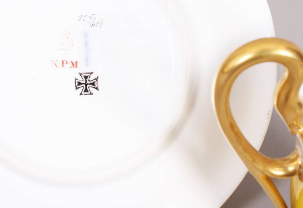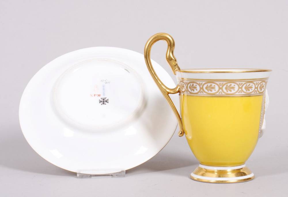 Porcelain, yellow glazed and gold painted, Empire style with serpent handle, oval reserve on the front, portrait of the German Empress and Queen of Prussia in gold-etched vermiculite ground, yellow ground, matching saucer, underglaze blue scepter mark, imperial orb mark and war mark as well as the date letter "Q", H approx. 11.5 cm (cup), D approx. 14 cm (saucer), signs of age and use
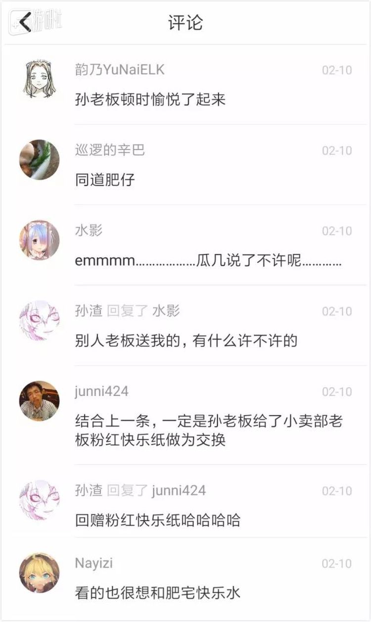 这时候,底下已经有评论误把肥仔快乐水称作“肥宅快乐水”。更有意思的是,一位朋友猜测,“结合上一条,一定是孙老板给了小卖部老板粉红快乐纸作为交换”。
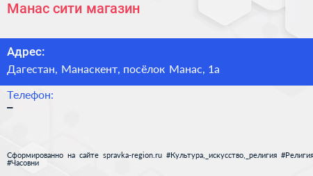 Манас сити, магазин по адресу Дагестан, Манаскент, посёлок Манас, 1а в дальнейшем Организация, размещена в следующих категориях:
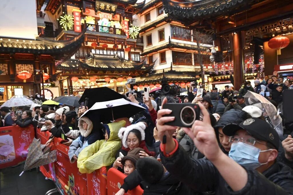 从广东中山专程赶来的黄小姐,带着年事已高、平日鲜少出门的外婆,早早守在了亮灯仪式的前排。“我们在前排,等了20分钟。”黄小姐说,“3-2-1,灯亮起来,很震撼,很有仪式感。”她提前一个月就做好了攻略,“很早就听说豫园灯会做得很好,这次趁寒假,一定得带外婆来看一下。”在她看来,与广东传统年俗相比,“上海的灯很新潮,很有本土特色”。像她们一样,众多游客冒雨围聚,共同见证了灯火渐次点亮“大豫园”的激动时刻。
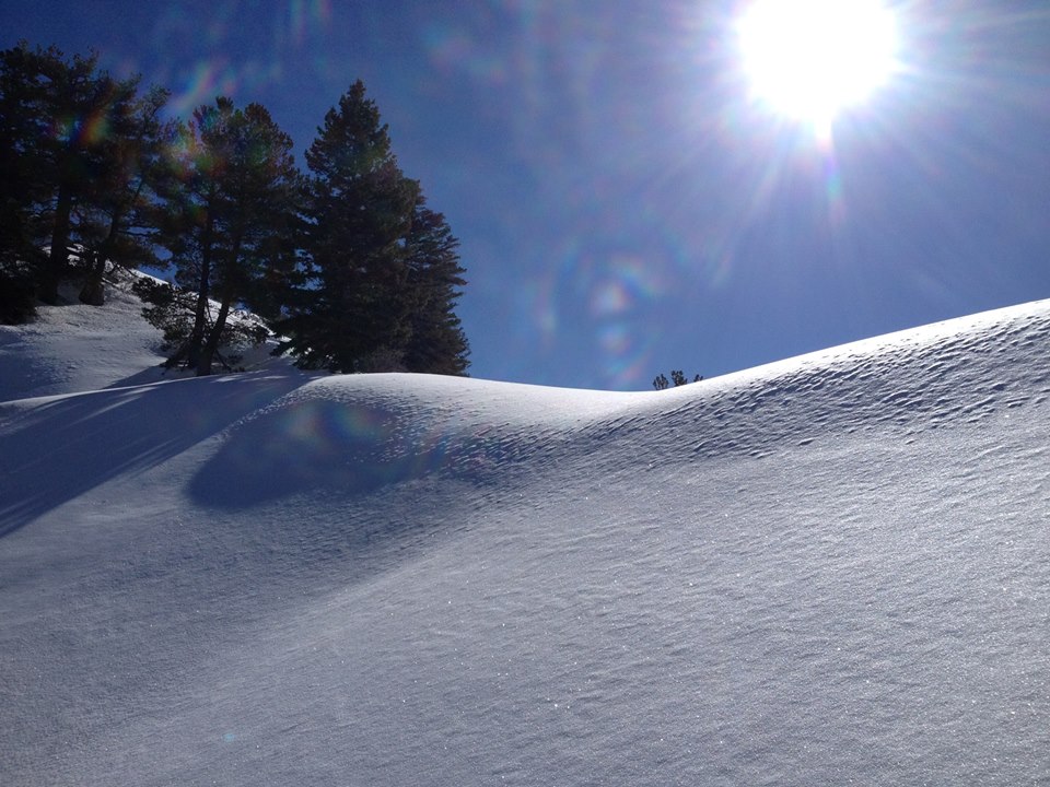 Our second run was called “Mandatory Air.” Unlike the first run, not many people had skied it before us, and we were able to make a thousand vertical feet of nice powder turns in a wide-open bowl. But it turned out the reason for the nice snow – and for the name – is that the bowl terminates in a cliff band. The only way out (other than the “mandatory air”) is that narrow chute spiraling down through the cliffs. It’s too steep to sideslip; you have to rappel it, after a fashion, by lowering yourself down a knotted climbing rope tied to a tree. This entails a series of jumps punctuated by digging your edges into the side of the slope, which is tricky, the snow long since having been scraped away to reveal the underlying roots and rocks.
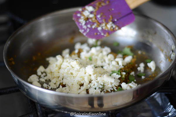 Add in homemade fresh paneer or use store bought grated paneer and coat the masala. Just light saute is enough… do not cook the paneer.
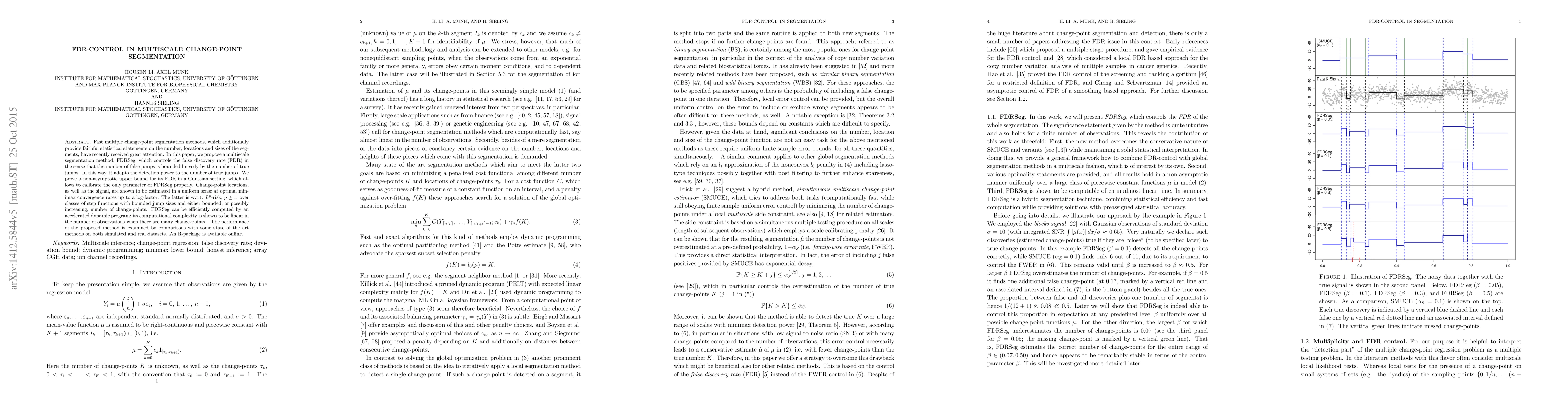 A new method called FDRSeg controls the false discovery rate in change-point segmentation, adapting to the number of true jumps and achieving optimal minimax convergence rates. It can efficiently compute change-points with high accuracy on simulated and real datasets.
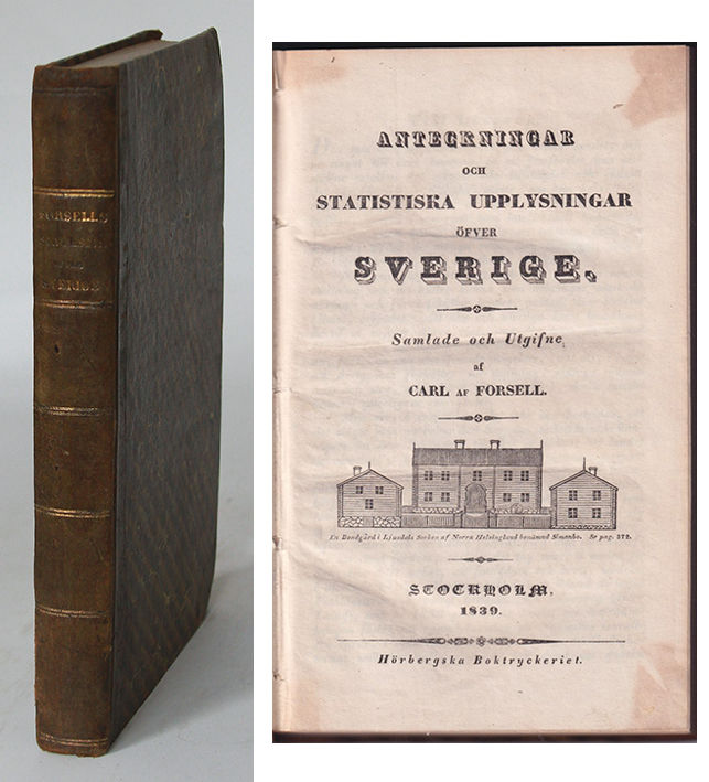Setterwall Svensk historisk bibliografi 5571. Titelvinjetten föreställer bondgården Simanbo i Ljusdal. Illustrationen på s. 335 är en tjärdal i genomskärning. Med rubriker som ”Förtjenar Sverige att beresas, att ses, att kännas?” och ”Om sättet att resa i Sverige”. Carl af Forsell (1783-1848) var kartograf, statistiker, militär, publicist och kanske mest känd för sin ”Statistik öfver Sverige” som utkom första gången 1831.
...
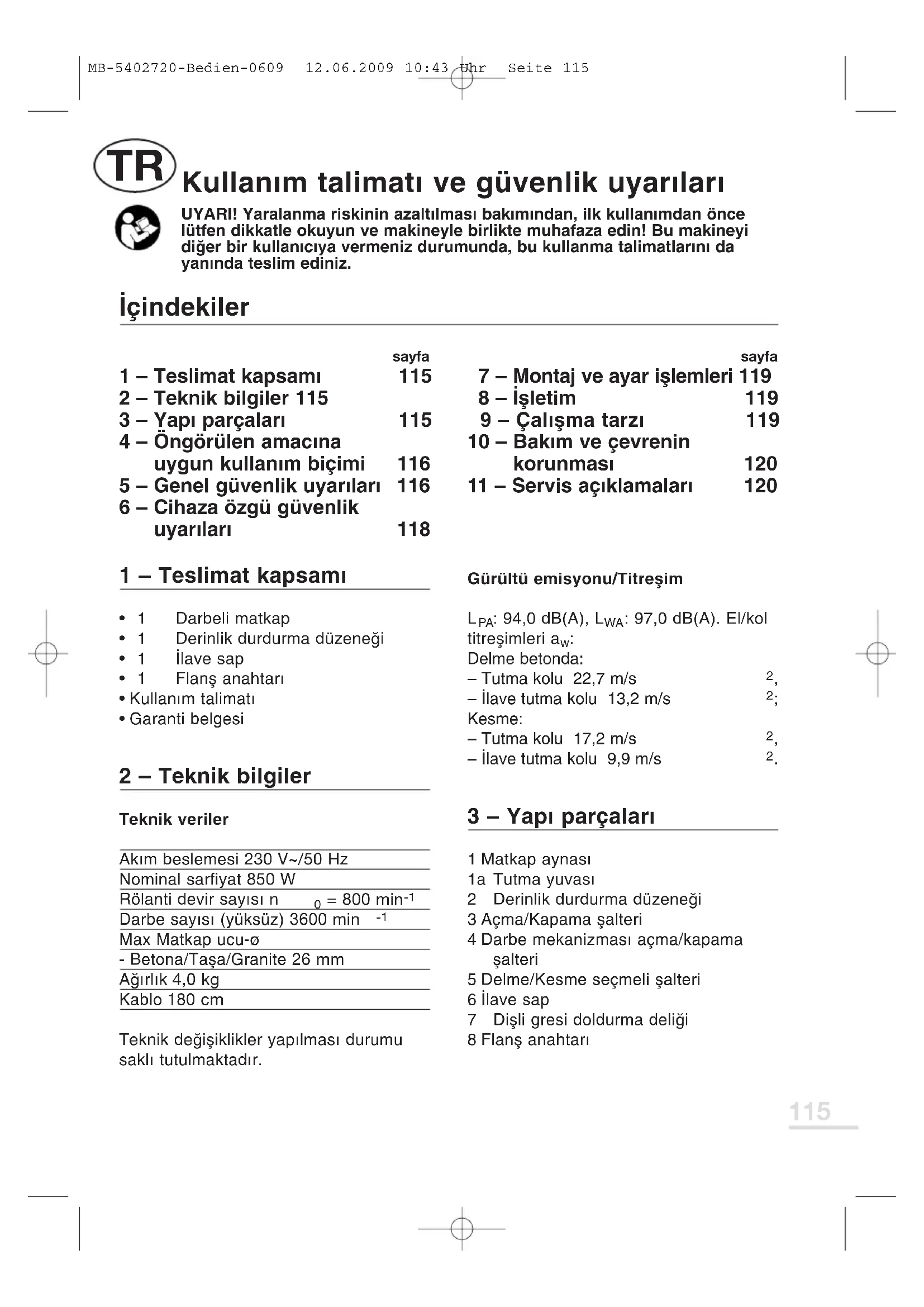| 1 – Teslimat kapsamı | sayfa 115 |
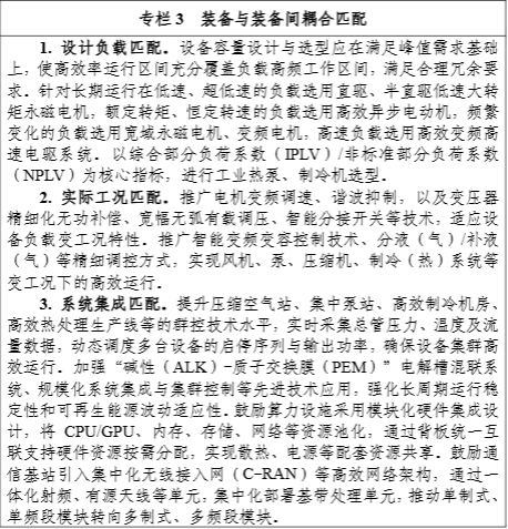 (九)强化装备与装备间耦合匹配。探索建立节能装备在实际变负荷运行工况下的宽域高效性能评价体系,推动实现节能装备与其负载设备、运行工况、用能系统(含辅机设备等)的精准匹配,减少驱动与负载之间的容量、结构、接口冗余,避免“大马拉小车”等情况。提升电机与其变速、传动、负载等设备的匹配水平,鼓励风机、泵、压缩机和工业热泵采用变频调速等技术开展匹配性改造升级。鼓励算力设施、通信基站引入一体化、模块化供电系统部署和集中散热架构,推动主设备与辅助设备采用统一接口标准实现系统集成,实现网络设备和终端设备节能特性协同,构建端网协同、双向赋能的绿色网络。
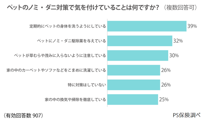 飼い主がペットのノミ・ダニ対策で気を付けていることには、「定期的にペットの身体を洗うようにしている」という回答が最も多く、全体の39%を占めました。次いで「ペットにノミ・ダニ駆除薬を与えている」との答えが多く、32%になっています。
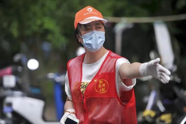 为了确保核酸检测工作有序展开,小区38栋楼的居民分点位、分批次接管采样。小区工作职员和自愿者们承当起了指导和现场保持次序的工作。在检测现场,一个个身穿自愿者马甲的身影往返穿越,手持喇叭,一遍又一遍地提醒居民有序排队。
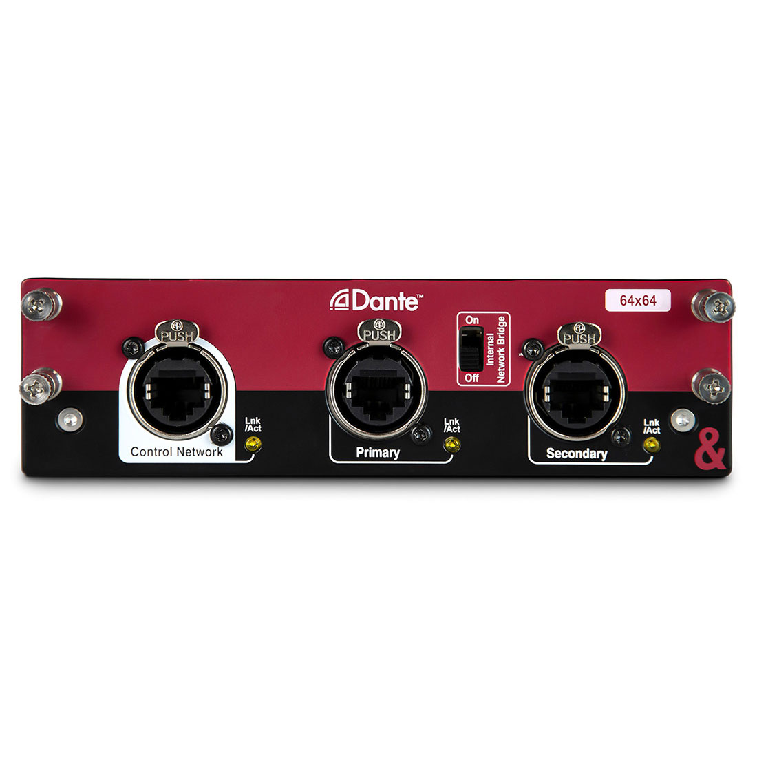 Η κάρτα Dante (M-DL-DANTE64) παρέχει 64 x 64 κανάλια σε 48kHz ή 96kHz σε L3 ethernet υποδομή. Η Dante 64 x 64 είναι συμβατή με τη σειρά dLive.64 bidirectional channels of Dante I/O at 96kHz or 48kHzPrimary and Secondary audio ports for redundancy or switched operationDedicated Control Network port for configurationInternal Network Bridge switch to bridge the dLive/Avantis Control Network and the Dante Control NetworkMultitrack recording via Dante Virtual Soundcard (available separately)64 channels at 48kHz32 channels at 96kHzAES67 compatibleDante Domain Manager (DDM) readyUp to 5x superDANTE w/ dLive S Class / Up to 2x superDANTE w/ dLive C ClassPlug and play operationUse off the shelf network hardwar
---
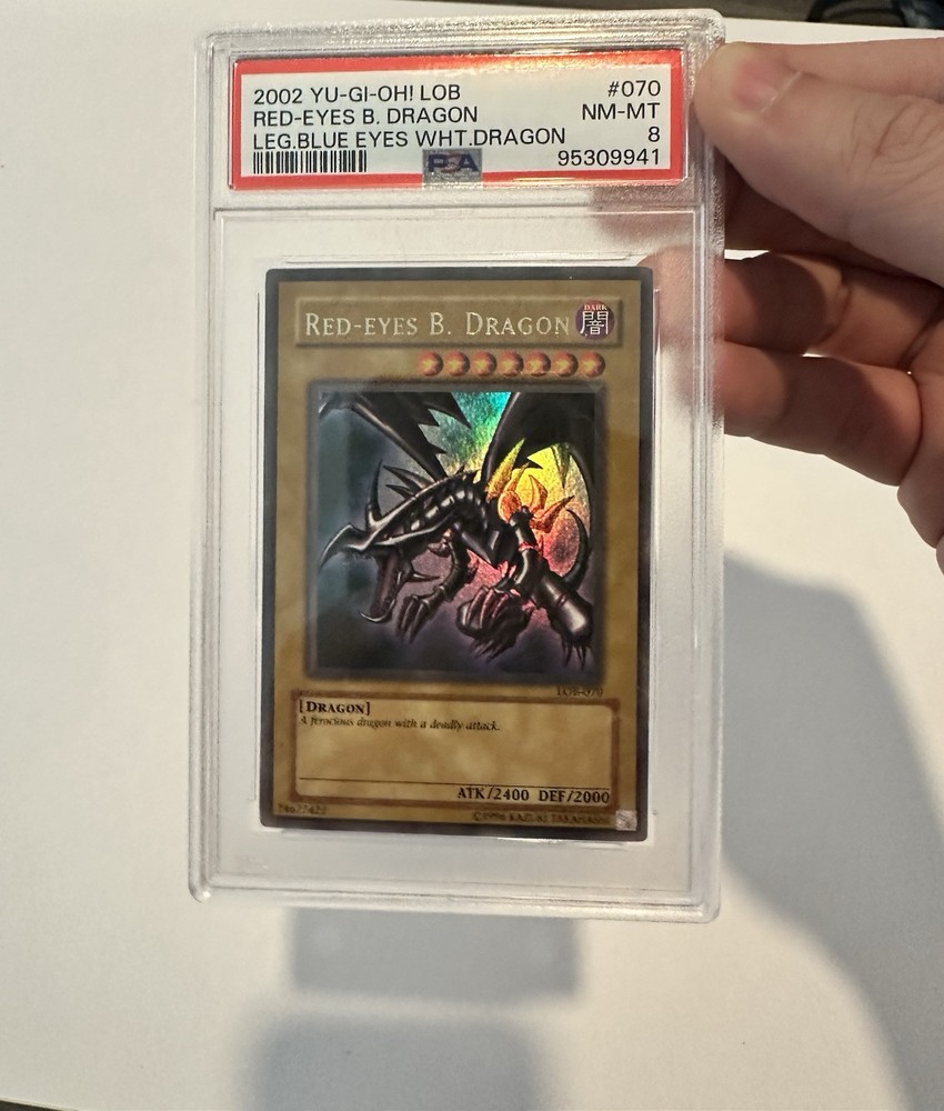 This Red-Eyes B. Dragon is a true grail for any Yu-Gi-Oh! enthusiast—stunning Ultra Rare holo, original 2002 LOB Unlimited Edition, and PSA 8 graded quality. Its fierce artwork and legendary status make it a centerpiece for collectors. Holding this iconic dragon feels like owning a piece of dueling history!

== Instructions for the task ==
In the listing above, find the line with "Porcelain, yellow glazed" and the line with "这时候,底下已经有评论误把肥". Set down exactly those lines and everything between them, skipping pictures.

== The answer ==
 Porcelain, yellow glazed and gold painted, Empire style with serpent handle, oval reserve on the front, portrait of the German Empress and Queen of Prussia in gold-etched vermiculite ground, yellow ground, matching saucer, underglaze blue scepter mark, imperial orb mark and war mark as well as the date letter "Q", H approx. 11.5 cm (cup), D approx. 14 cm (saucer), signs of age and use
 这时候,底下已经有评论误把肥仔快乐水称作“肥宅快乐水”。更有意思的是,一位朋友猜测,“结合上一条,一定是孙老板给了小卖部老板粉红快乐纸作为交换”。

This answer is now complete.